Overall, the multilocus measures of diversity are much less sensitive to the variation in F values than the monolocus measures (comparison of Figures 3 and 1). For the U- and inverse J-shaped frequency profiles, the mean values of diversity do not vary as a function of F. There is a slight increase of H as a function of F in the case of the inverse U-shaped profile, and a slight decrease for the J-shaped profile. In the two latter cases, the diversity measures remain unchanged over a wide range of F values. For example, for F varying between −0.2 and 0.2 (corresponding to a preferentially out-crossed species), or for F varying between 0.8 to 1 (corresponding to a preferentially selfed species), changes of H remain extremely low. Variance due to the stochastic sampling of loci is highest for the J-shaped profiles, corresponding to the case when most of the AFLP fragments exhibit low Q values. In such cases, the estimation of allele frequencies can also be strongly biased and their sampling variance inflated (Lynch and Milligan, 1994).
We also explored other theoretical cases for each of the four categories of frequency profiles (U, inverse U, J and inverse J). The results shown in Figure 3 are consistent across most of the cases investigated (data not shown), with a few exceptions. For the J- and U-shaped profiles, when the profiles are characterized by an extremely large proportion of fragments with high frequencies (eg a=b=0.2 for the U shaped, a=2 and b=0.2 for the J shaped), then H decreases with increasing values of F. Similarly for the inverse J profiles, H increases as a function of F, when the proportion of fragments present in high frequency increases (eg a=0.2 and b=2).
Case studies: genetic diversity of neotropical trees
Following the same strategy as in theoretical cases, we estimated genetic diversity for 10 tree species distributed throughout Central and South America with contrasting distributional ranges (from local to continental). For seven out of the 10 species, surveys of AFLP diversity were available for several populations (Table 1). In this study, we bulked all material coming from different populations into a single population (species level) for which diversity was estimated. This is because our investigations are mainly concerned with the impact of the frequency profile on the estimation of diversity and not the comparison of diversity among species. As a result, the fixation index (F) to be considered is FIT, cumulating both the within- and among-population deviations of Hardy–Weinberg equilibrium. Diversity (H) was estimated using the Bayesian method of Zhivotovsky (1999), taking as a prior distribution of Q the observed value of Q in the species. As shown by Zhivotovsky (1999), this method is the least biased estimation procedure, especially when Q is small. Computations of H and the corresponding sampling variances were carried out according to Vekemans et al (2002). Diversity was estimated by considering successive values of F ranging between −0.3 and 1. The frequency profiles of the 10 species (Figure 4) fitted to one of the four theoretical cases considered earlier (ie U, inverse U, J, inverse J; Figure 3), with slight deviations from these general patterns for Anacardium, Cedrela and Voschysia.

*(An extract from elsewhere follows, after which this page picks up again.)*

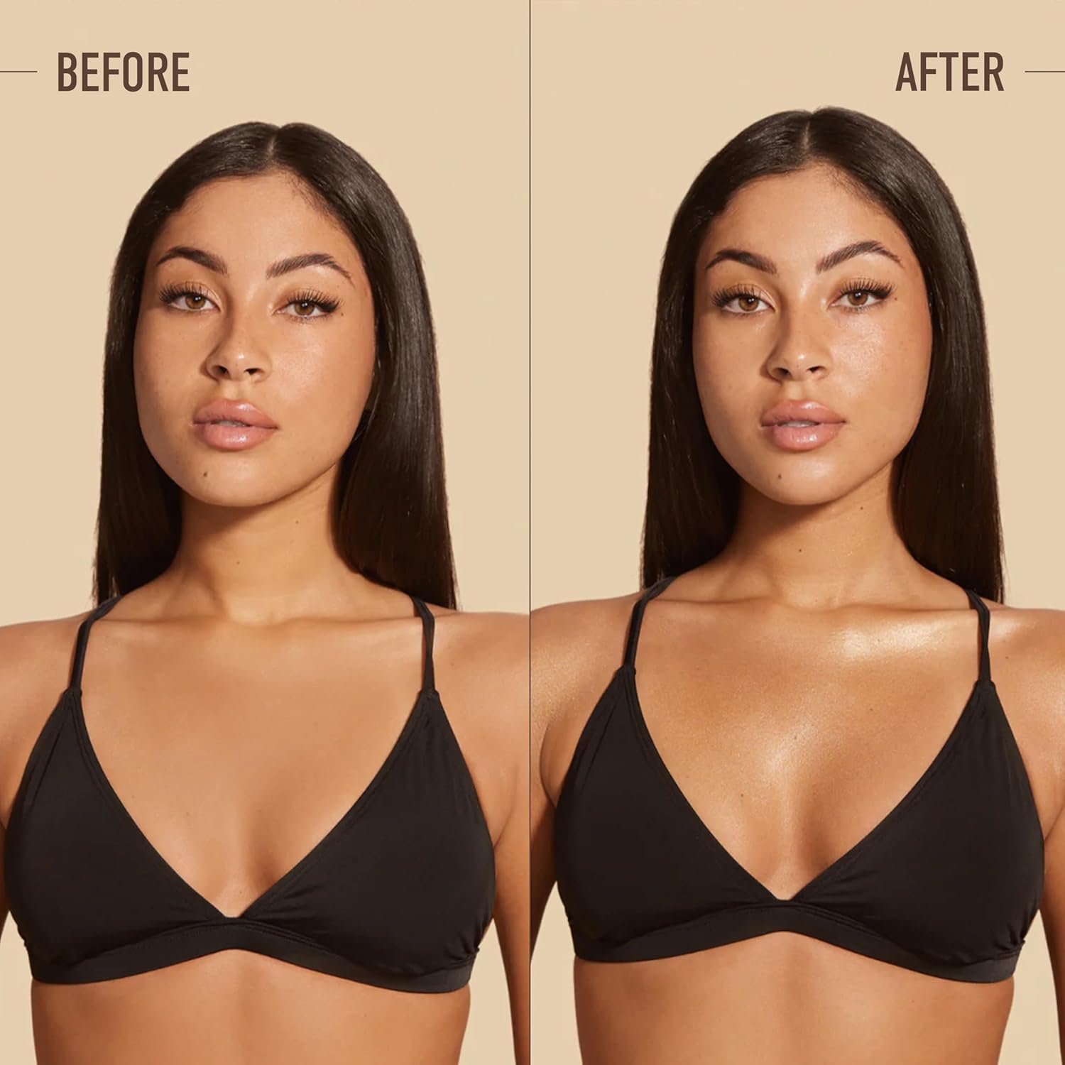About this item INSTANTLY ILLUMINATES SKIN - Accentuate your tan with the silky Body Shimmer by NUDA. This liquid illuminator works instantly to make your body glow, giving a golden and shimmery effect for the ultimate sun-kissed look. SKIN-LOVING NATURAL INGREDIENTS - Made from natural and naturally derived ingredients, our shimmer lotion enhances your natural complexion as it smoothens and brightens your skin. It is enriched with aloe vera, avocado oil, grapeseed oil, and vitamin E and is much like a glow serum that helps keep skin resilient and hydrated. CONSCIENTIOUSLY FORMULATED - Not just 100% natural, vegan, and cruelty-free, it is also gluten-free, paraben-free, sulfate-free, and alcohol-free. This body glitter highlighter checks all the green flags you're looking for in a face and body glitter product. HOW TO USE - A little goes a long way with this golden body shimmer! Shake the bottle well and hydrate and clean the skin before using to ensure even application. Dispense and spread on your collarbones, arms, legs, and shoulders. Avoid contact with sensitive areas and the eyes and make sure to wash your hands after applying. Allow the product 5 minutes to dry before getting dressed. NON-STICKY BODY GLITTER OIL ALTERNATIVE - We purposely formulated this body shimmer gel without mineral oil, so it is not sticky and dries fast. If there is ever transfer on your clothes, the product is easily washable and does not stain clothing permanently. You’ll love to have this highlighter on your skin all the time with its sweet vanilla scent! See more product details,INSTANTLY ILLUMINATES SKIN - Accentuate your tan with the silky Body Shimmer by NUDA. This liquid illuminator works instantly to make your body glow, giving a golden and shimmery effect for the ultimate sun-kissed look,SKIN-LOVING NATURAL INGREDIENTS - Made from natural and naturally derived ingredients, our shimmer lotion enhances your natural complexion as it smoothens and brightens your skin. It is enriched with aloe vera, avocado oil, grapeseed oil, and vitamin E and is much like a glow serum that helps keep skin resilient and hydrated,CONSCIENTIOUSLY FORMULATED - Not just 100% natural, vegan, and cruelty-free, it is also gluten-free, paraben-free, sulfate-free, and alcohol-free. This body glitter highlighter checks all the green flags you're looking for in a face and body glitter product,HOW TO USE - A little goes a long way with this golden body shimmer! Shake the bottle well and hydrate and clean the skin before using to ensure even application. Dispense and spread on your collarbones, arms, legs, and shoulders. Avoid contact with sensitive areas and the eyes and make sure to wash your hands after applying. Allow the product 5 minutes to dry before getting dressed,NON-STICKY BODY GLITTER OIL ALTERNATIVE - We purposely formulated this body shimmer gel without mineral oil, so it is not sticky and dries fast. If there is ever transfer on your clothes, the product is easily washable and does not stain clothing permanently. You’ll love to have this highlighter on your skin all the time with its sweet vanilla scent!

The diversity values for the 10 different species confirmed the results obtained with the theoretical AFLP profiles. HHW or HPH were the two extreme values of H, when F varied between 0 and 1 (data not shown). We did not represent the whole range of variation but only the two extreme values (HHW or HPH; Figure 5). As a result, the real value of H is situated within this range. Among the 10 species investigated, three did not exhibit any difference between HHW and HPH. Anacardium, Cedrela, Virola and Swietenia were among those that showed the largest differences between HHW and HPH. The two former species are also among those that showed irregular frequency profiles (see Figure 4). However, most significantly these four species were those with the lowest number of scored AFLP fragments (Table 1). Finally, all species showed similar values for H when F varied between −0.2 and 0.2, which is the most likely range for variation in fixation index for species exhibiting preferential outcrossing (data not shown).
Discussion
The measurement of genetic diversity with dominant markers depends on the frequency of null homozygotes (Q) and the fixation index (F) of the populations. While Q can be assessed directly with random priming molecular marker systems, F is less accessible, unless codominant markers are available. The level of the fixation index in a population depends on the mating system and genetic structure (Wahlund effect; Hartl and Clark, 1989). Estimates of the fixation index in tropical trees originate from two sources: mating system analysis and studies of population structure. Indirect estimates of F (F=S/(2−S)) can be obtained from estimates of selfing rates (S). In a review on 26 tropical trees species, Murawski (1995) showed that selfing rates varied between 0 and 80%, but that a majority of tree species were outcrossed. These results were confirmed in two more recent reviews (Loveless, 2002; Ward et al, 2005), partly overlapping with the previous study. In the review of Loveless (2002), only one species among 30 exhibited a selfing rate higher than 15%, and in the review of Ward et al (2005), mixed mating systems were only found in representatives of a single family. Thus, overall we can expect that the fixation coefficient would be, in most cases, less than 10%. However, these values might be inflated in the presence of a Wahlund effect. Significant variation in F has also been noted between adult and juvenile cohorts (Murawski, 1995) and were interpreted as the result of selection favouring heterozygotes. Hence, values of F tend to decrease with population age (Murawski, 1995), which may actually counterbalance any inflating influence from a Wahlund effect.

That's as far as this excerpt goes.